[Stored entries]
<<<<
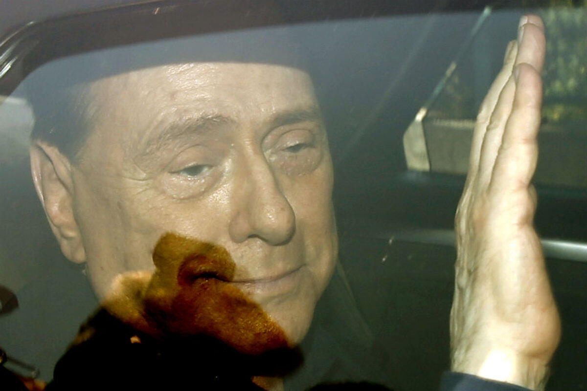 Berlusconi thrust his hand from a car as he was being driven away from facility and a political supporter waiting at the gate grabbed his hand and shook it. The window was then rolled up and the media mogul waved as he was driven away.
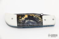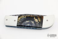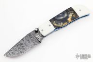 This knife by Jake Elenbaas features a clip point Alabama Damascus blade with single thumbstud with CZ stone inlay. The handle has white G-10 bolsters, front and rear, stabilized cross cut mammoth ivory scales, anodized titanium liners with jeweled interiors and a black G-10 backspacer. Nice lockup, detent and blade seating. Comes with COA. New from maker.
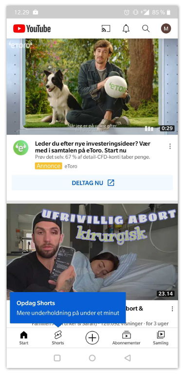 Et andet eksempel er fra så sent som på dagen, hvor jeg skrev det her indlæg. Jeg åbnede min YouTube-app på telefonen og blev mødt med beskeden “Opdag Shorts – Mere underholdning på under et minut”.
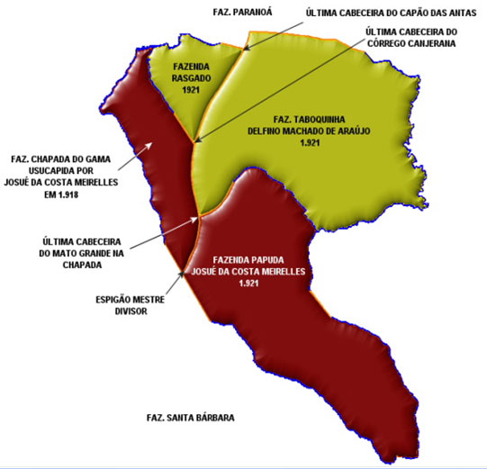 Fig. 3 – Divisão da antiga Fazenda Papuda, segundo os termos da Escritura Pública de Divisão e Limitação datada de 23/06/1900 firmada entre os proprietários José de Campos Meirelles e Josué da Costa Meirelles.
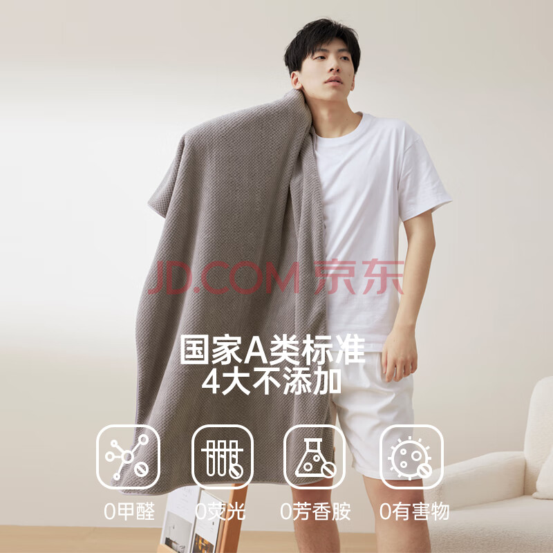 商品相册:三利加大7A抗菌浴巾A类吸水速干成人男女士裹巾 90*180cm 460G天空灰第
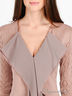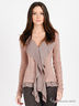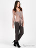 Детали: V-образный вырез горловины, длинный рукав, имитация застежки на пуговицы, шифоновые вставки на полочке, шифоновый хлястик-завязка, ажурная вязка
>>>>
Go back to the line containing "This knife by" and output it and every line after it through the end of the records, exactly, but not the pictures.

(RESPONSE)
 This knife by Jake Elenbaas features a clip point Alabama Damascus blade with single thumbstud with CZ stone inlay. The handle has white G-10 bolsters, front and rear, stabilized cross cut mammoth ivory scales, anodized titanium liners with jeweled interiors and a black G-10 backspacer. Nice lockup, detent and blade seating. Comes with COA. New from maker.
 Et andet eksempel er fra så sent som på dagen, hvor jeg skrev det her indlæg. Jeg åbnede min YouTube-app på telefonen og blev mødt med beskeden “Opdag Shorts – Mere underholdning på under et minut”.
 Fig. 3 – Divisão da antiga Fazenda Papuda, segundo os termos da Escritura Pública de Divisão e Limitação datada de 23/06/1900 firmada entre os proprietários José de Campos Meirelles e Josué da Costa Meirelles.
 商品相册:三利加大7A抗菌浴巾A类吸水速干成人男女士裹巾 90*180cm 460G天空灰第
 Детали: V-образный вырез горловины, длинный рукав, имитация застежки на пуговицы, шифоновые вставки на полочке, шифоновый хлястик-завязка, ажурная вязка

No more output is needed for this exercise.